The Natural Resource Conservation Service publishes a Soil Survey of your area. This large book, free for the asking, maps each area and evaluates how specific soil types will perform under various building conditions. The survey rates the soil in numerous ways, but the categories most important to the potential land owner are the building, sanitary facilities (septic tanks and absorption fields), and water management tables.

Local conservation officers will visit the site and interpret the charts for free. But since their maps only examine the soil to about 60 inches deep, a clean bill from this inspection means it's time to contact a geotechnical civil engineer to conduct a more in-depth analysis.

Check the yellow pages under "engineer." If geotechnical, or soil, engineers aren't listed specifically, try the "consulting engineers" listing and ask if the company has a soil or geotechnical specialist on their staff.

Geotechnical civil engineers offer many commercial development services. The most common residential service is soil boring, or taking samples from several spots on the proposed building site.

The engineer extracts a sample that runs at least 5 to 20 feet below the house footings. A rule of thumb is to sample at least twice as deep below the footing as the footing is wide to ensure that the soil can support the foundation. Analyzing the type of soil from 20 feet deep helps predict possible settling and water problems.

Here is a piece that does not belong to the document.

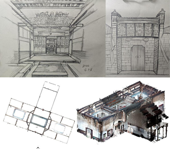 为将“进士第”的现状数据保存下来并更好地挖掘蕴含的古建文化与知识,团队采用测绘无人机与三维激光扫描仪等设备对古建现状进行全方位的测绘扫描,同学们应用专业软件构建了古建的现状模型、建筑平立剖现状图,用数字化存档的方式将古建数据保存了下来。为进一步挖掘“进士第”古建的价值,团队发挥专业绘画的技能,将“进士第”的典型构件巨幅雕花、斗拱雀替等以速写的方式现场记录下来。

The testing and subsequent report for a residential property averages about $1,500 in most parts of the U.S. That may seem expensive, but sinking homes and backed-up septic tanks cost much more to repair.

Geotechnical engineers also offer a "phase one environmental assessment" that developers often use to satisfy their loan requirements. This report researches the land's environmental history by studying previous owners and previous uses. Any hint that your site once housed a chemical-related or toxin-handling commercial business, or the neighborhood dump, should prompt an environmental study.

From finding a more suitable site, to blasting out several layers of bedrock, solutions will often hinge on striking a balance between what you want and what you can afford. Targeting and studying the problem before you build helps avoid an unexpected crisis and unnecessary financial burden once it's too late to halt construction. It also shifts your role from victim of the problem to manager of the solution.

Who Else Can Help?

Here are still more sources for information on the soil, history, and previous use of a proposed building site.

- The nearest city engineer and building inspector. Their tenure generally indicates how much they know about the areas surrounding the city.
- Sanborn maps, probably available at the local library. Fire departments and insurance companies rely on Sanborn maps to indicate where companies store chemicals. Older maps can often indicate if a building that housed chemicals once occupied a specific site, possibly contaminating the land.
- City directories indexed by address. Back issues may be especially helpful.
- Geography instructors from local schools and state universities. Local landscapes are often their classroom projects and they know them well.